With the super committee’s deadline to cut at least $1.2 trillion from the budget drawing ever closer, Sen. Pat Toomey, R-Pa., is “cautiously optimistic” that the group will soon reach a consensus.
Although Toomey said on MSNBC's Morning Joe that the 12 lawmakers are “not quite there yet,” he added that the group is working hard to come up with answers to the nation’s high unemployment numbers and jobless rates.
“There has been progress,” he said on the show on Wednesday. “There are very substantive discussions going on virtually every day.”
But Toomey did not indicate his own willingness to compromise; instead, he articulated the usual GOP talking points--slash regulations, balance the deficit, and, above all, oppose tax increases.
He said that to get Americans back to work, administrators must incentivize businesses to grow. That can’t be done in the current environment of uncertainty: An unsustainable federal deficit and a threat of tax increases across the board.
Toomey pointed to the energy business in his home state of Pennsylvania as one industry that is limited by excessive regulation.

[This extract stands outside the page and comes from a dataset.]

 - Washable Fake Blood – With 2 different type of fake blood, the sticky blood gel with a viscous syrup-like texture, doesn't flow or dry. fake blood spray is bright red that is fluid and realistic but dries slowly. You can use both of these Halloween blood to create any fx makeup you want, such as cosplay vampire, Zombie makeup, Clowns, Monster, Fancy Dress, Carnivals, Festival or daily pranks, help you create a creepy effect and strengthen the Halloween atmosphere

“The natural gas we have is a staggering quantity,” he said. “But whether it’s coal or refineries or the natural-gas industry, they’ve been layered with all kinds of new regulations that is making it very, very hard for them to grow this industry.”

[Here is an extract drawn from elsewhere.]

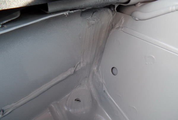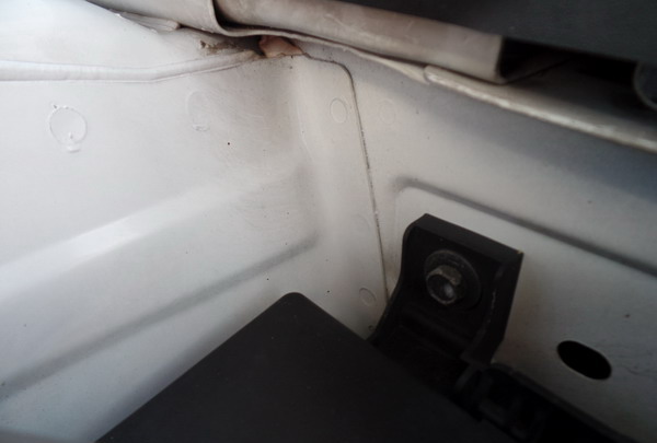 De nem szabad itt megállnunk, és megelégednünk, hogy rendben, ezeket az elemeket lefújták. A karosszéria elemek belső illesztéseire, csavarkötéseire is rá kell néznünk. Sajnos itt ért minket az első rossz hír. A jobb első torony illesztéseinél felfedezhető volt, hogy a szigetelések nem gyári kivitelűek. Ebből pedig arra lehetett következtetni, hogy bizony nem kis ütést kaphatott korábban az autó.

Toomey maintained that President Obama's jobs bill has failed, and that the administration must figure out how to provide essential services at a price that people can afford, instead of trying to “conjure up demand from the clear-blue sky.”
“I do think that the combination of unsustainable spending, excessive regulation, and a ridiculously complicated tax code definitely has an accumulative effect on our economy,” he said.